> Records for this exercise:

====================

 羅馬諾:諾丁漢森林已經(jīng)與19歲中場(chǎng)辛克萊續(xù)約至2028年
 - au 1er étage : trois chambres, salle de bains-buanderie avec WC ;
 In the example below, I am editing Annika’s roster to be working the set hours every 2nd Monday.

====================

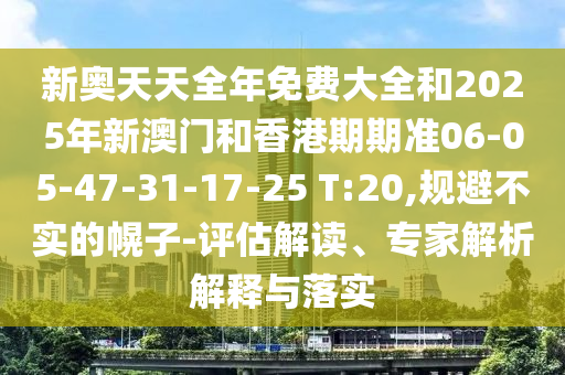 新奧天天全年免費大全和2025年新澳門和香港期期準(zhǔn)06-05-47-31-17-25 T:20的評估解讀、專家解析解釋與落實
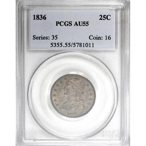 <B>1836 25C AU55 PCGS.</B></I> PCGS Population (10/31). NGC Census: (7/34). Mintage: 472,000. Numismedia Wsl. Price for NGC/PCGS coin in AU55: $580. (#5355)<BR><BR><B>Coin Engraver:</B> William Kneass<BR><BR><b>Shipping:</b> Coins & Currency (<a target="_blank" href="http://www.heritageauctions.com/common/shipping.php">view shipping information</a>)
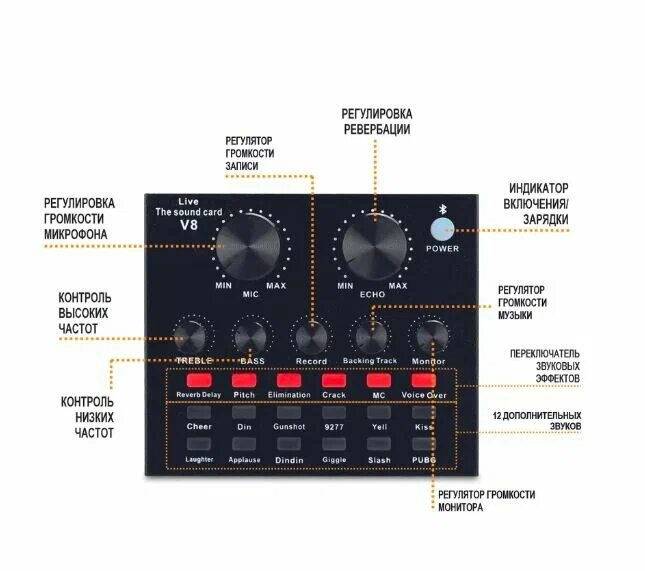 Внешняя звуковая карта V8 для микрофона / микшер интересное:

====================

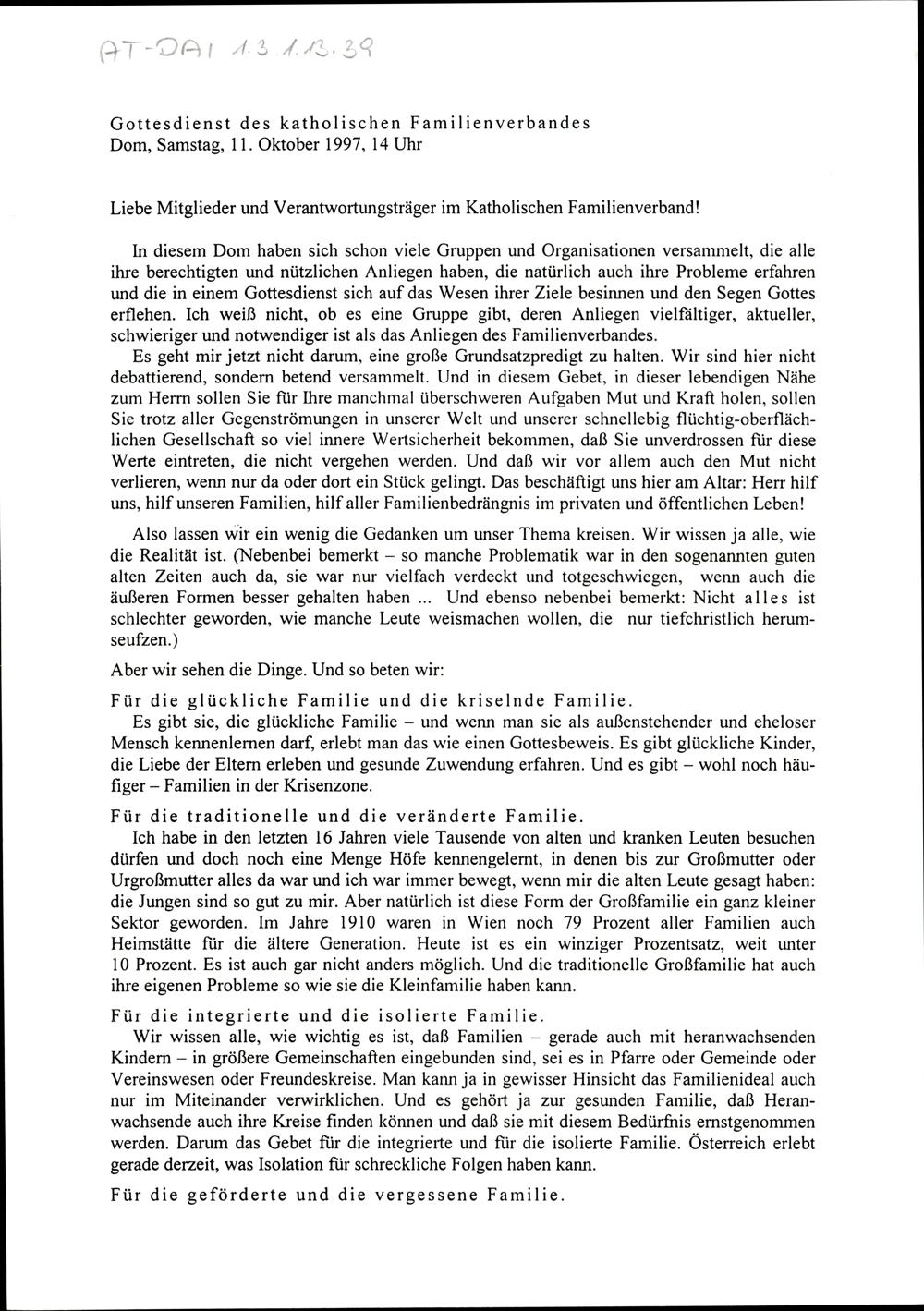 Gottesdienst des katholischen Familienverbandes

====================

> Task instructions: An exact copy of the lines above, from the one containing "羅馬諾:諾丁漢森林已經(jī" through the one containing "In the example", is the whole of the answer.

> Your solution:
 羅馬諾:諾丁漢森林已經(jīng)與19歲中場(chǎng)辛克萊續(xù)約至2028年
 - au 1er étage : trois chambres, salle de bains-buanderie avec WC ;
 In the example below, I am editing Annika’s roster to be working the set hours every 2nd Monday.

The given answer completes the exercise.